On the Accuracy of Vaisala RS41 versus RS92 Upper-Air Temperature Observations
The accuracy of Vaisala RS92 versus RS41 global radiosonde soundings, emphasizing stratospheric temperature, is assessed from January 2015 to June 2017 using ~311 500 RS92 and ~65 800 RS41 profiles and three different reference data sources. First, numerical weather prediction (NWP) model outputs are used as a transfer medium to produce relative RS92 and RS41 comparisons by analyzing observation minus NWP model background (OB–BG) and observation minus analysis (OB–AN) differences using the NOAA Climate Forecast System Reanalysis (CFSR; both comparisons) and the operational European Centre for Medium-Range Weather Forecasts (ECMWF) model (OB–AN comparison only).

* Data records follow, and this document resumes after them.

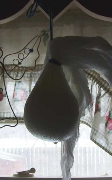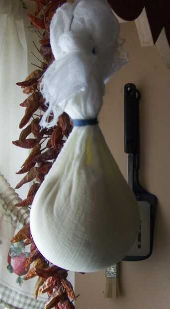 Paso 8: Presione más suero hacia fuera, volver a atar y vuelva a colgar la bola de queso.
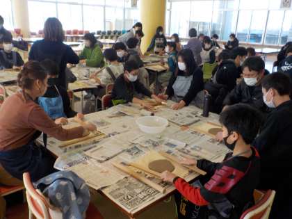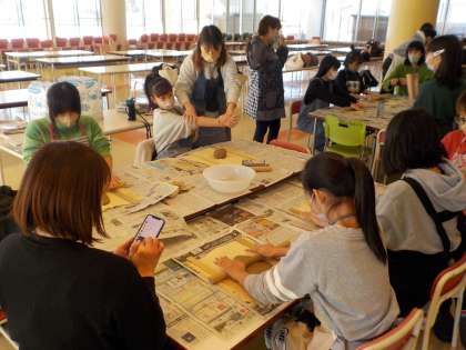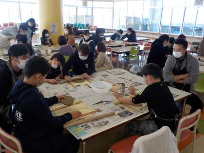 「越中陶の里 陶農館」の方にお越しいただき、手びねりによる陶器(お皿またはマグカップ)の製作体験をしました。
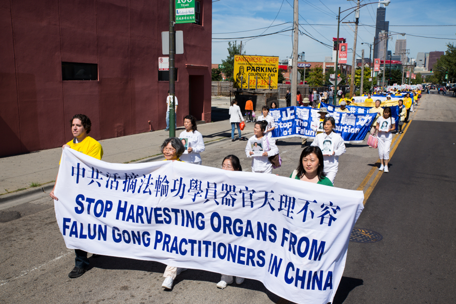 美中法轮功学员芝城南华埠游行声势浩大。 |
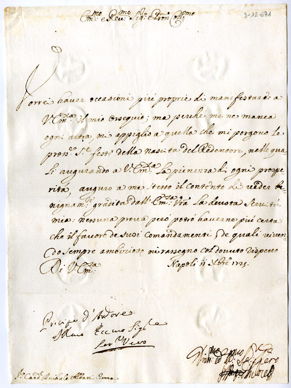 Lettera del principe d'Andore al cardinale Annibale Albani (1725 dicembre 11)
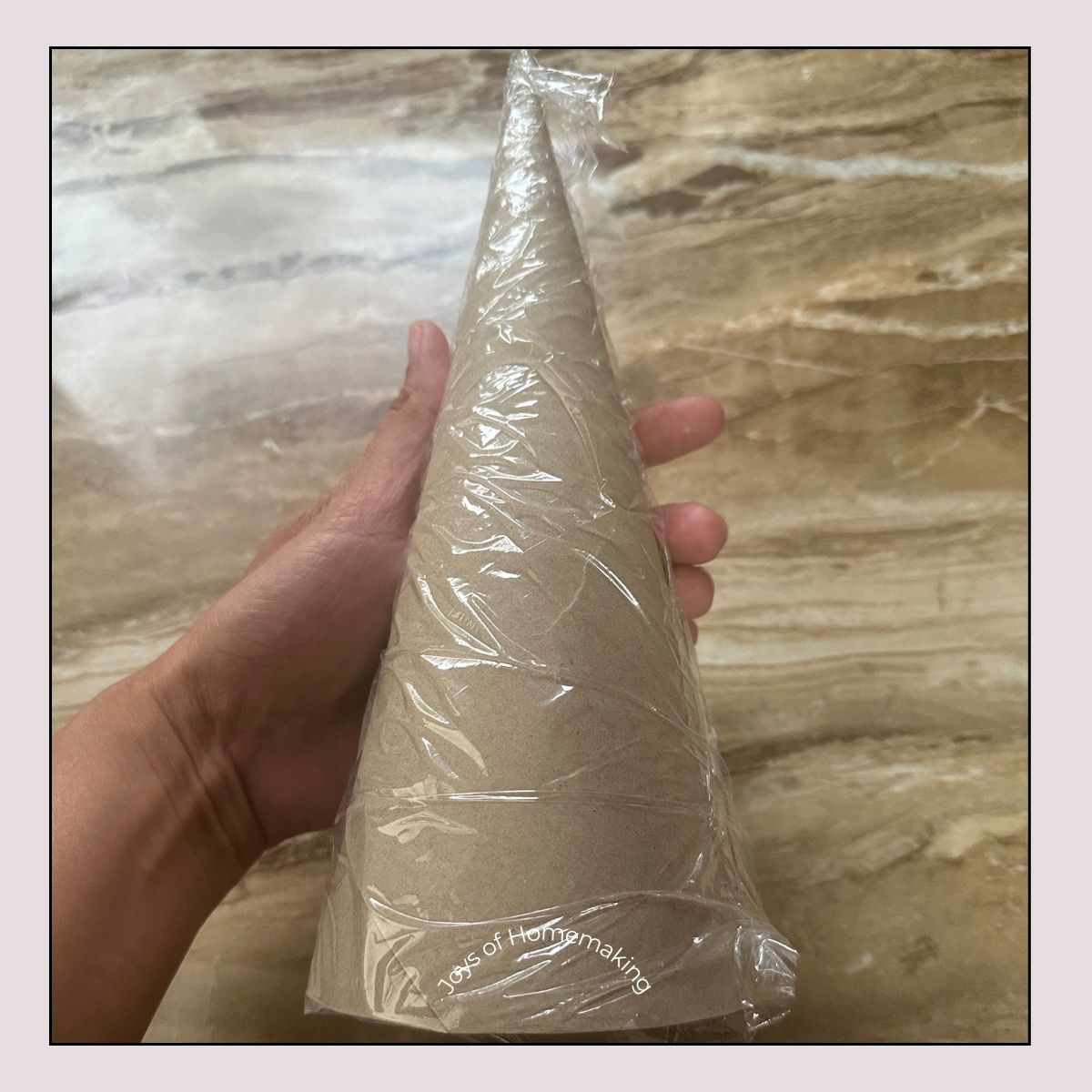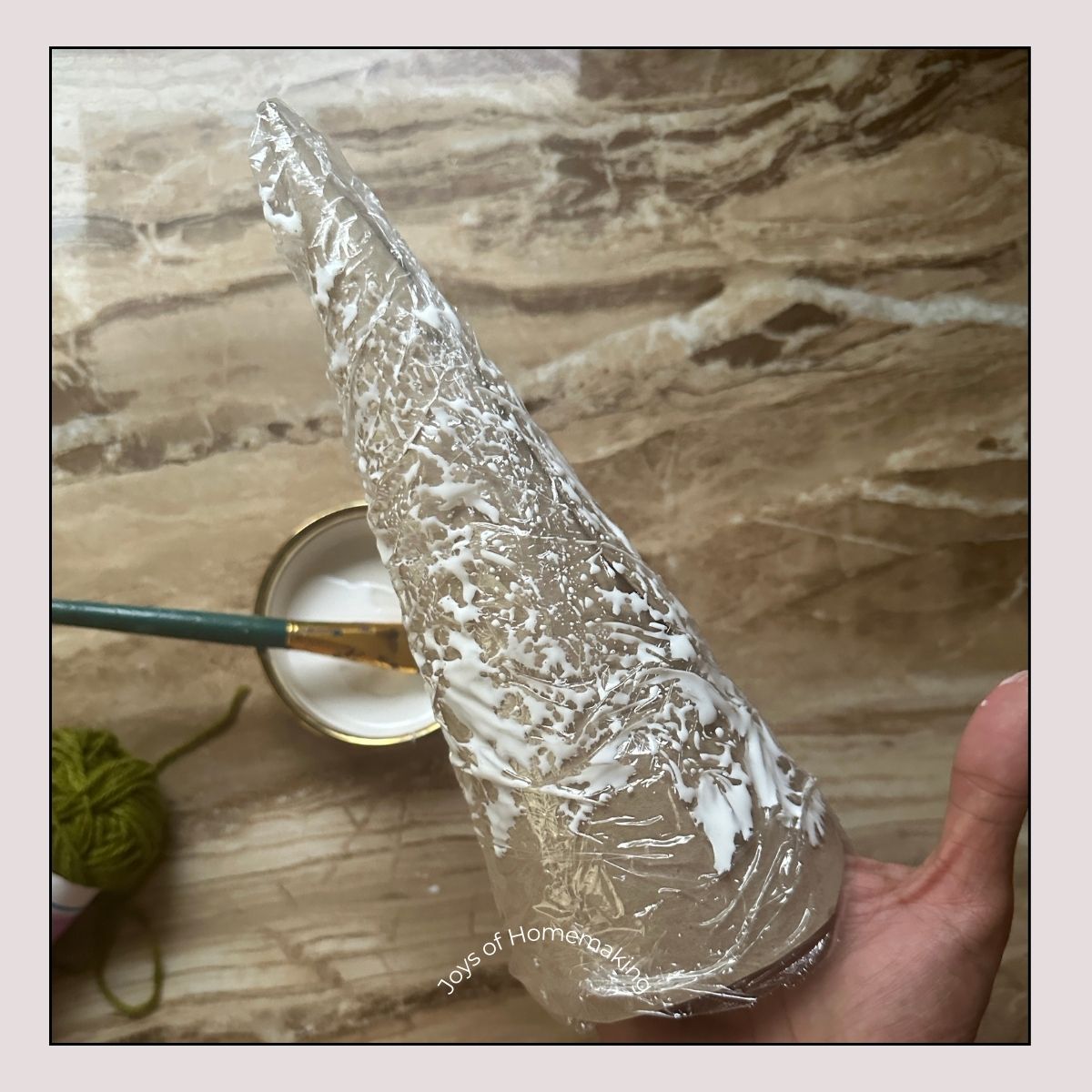 Wrap the entire cone in cling wrap (plastic wrap). This makes it so much easier to slide your finished yarn tree off the form later without tearing or bending it.
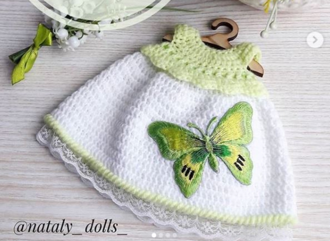 Делюсь с Вами описанием платья крючком для куклы ростом 28-30 см.
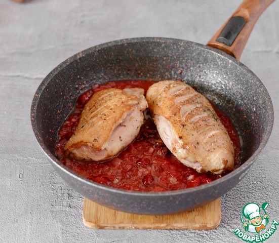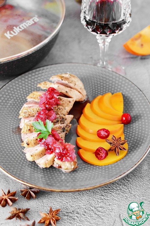 Рецепт «Утиная грудка с луком и клюквой»:
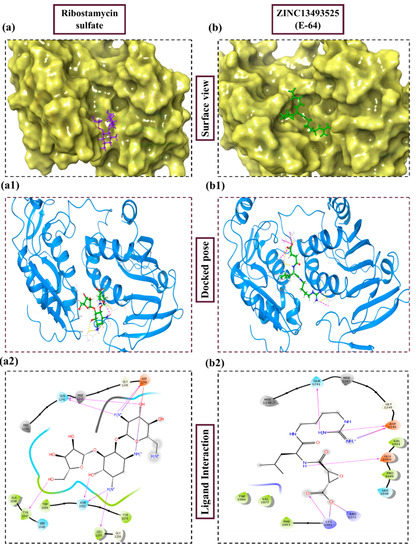 Figure 3. Depiction of poses within the active site of nsp2 protease: (a,b) Surface view of docked compounds binding pose of (a1) Ribostamycin sulfate and (b1) ZINC13493525 (E-64) with 3TRK. Interaction with active site residues are shown in (a2) Ribostamycin sulfate & (b2) ZINC13493525.
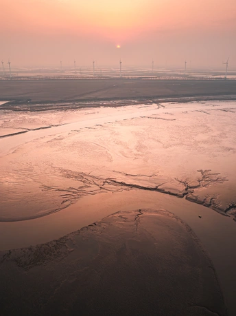 航拍视角下,滩涂在落日余晖里晕染成温柔橘色,潮汐蚀刻的纹理如大地脉络。远处,风力发电机列队而立,工业风与自然景相融,落日为幕,谱写出一首传统与现代交织的生态乐章,静谧又充满力量 。
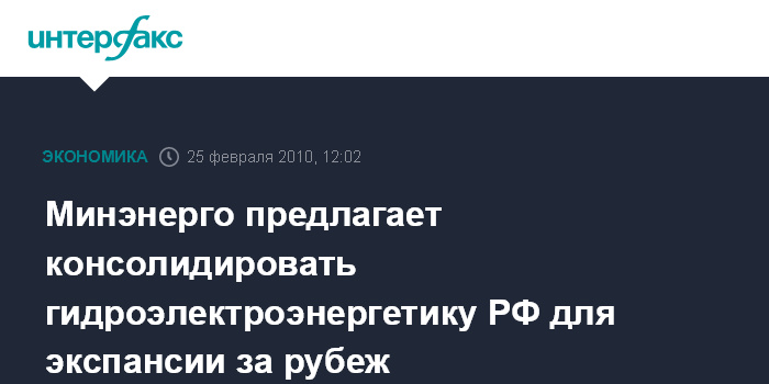 Москва. 25 февраля. INTERFAX.RU - Минэнерго РФ предлагает консолидировать гидроэлектроэнергетику РФ для дальнейшей экспансии за рубеж.
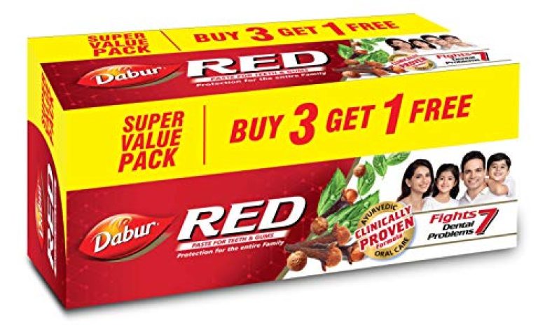 Dabur Red Paste – India’S No.1 Ayurvedic Paste, Provides Protection Plaque Removal, Toothache, Yellow Teeth, Bad Breath- 800G (200Gm*4) is available on Amazon at best discounted online price. MRP of this product is ₹ 315.0. You can buy this product at discounted rate ₹ 204.0.
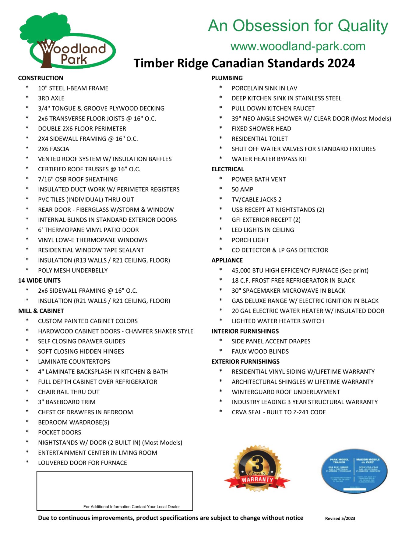 * Bi-Weekly payment includes set up on site at Country Gardens, Landings Campground or Whistle Bare Campground, Freight, and PDI. Plus Applicable Taxes
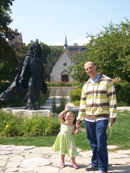 My daughter and I on the campus of Marquette University, in front of the statue of Father Marquette and the Saint Joan of Arc chapel.
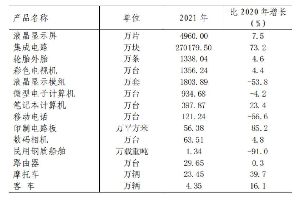 主要工业产品生产情况:全市规模以上工业企业生产集成电路27.02亿块,增长73.2%;液晶显示屏4960.00万片,增长7.5%;彩色电视机1356.24万台,增长4.4%(详见表2)。
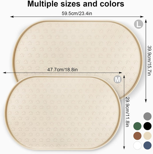 KPWACD Pet Feeding Mat for Dogs and Cats, Silicone Dog Placemat Non-Slip Waterproof Bowl Mats Prevent Food and Water Overflow, High-Lips Puppy Dish Tray Mat Suitable for Large Medium Small Pets, Beige
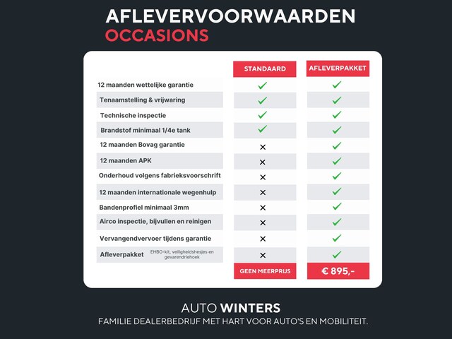 Verkoopprijs € 8.720,- incl. Basis Service-pakket. Rijklaarprijs € 9.615,- incl. FullService-afleverpakket van € 895,-.

Second, GPS radio occultation (GPSRO) dry temperature profiles are directly compared with radiosondes, using GPSRO data from the University Corporation for Atmospheric Research (UCAR) Constellation Observing System for Meteorology, Ionosphere and Climate (COSMIC) and EUMETSAT Radio Occultation Meteorology (ROM) Satellite Application Facility (SAF). Third, dual launches (RS92 and RS41 suspended from the same balloon) at five sites allow direct assessments. Comparisons of RS92 versus RS41 from all reference data sources are basically consistent. These two sondes agree well with global average temperature differences <0.1–0.2 K in the lower stratosphere from 51.5 to 26.1 hPa based on global stations and the dual launches. RS41 appears to be less sensitive than RS92 to changes in solar elevation angle. This study indicates that nighttime RS92 and RS41 radiosonde temperature biases are negligible, but infers a stratospheric cold bias (<0.5 K) in the CFSR and ECMWF model data.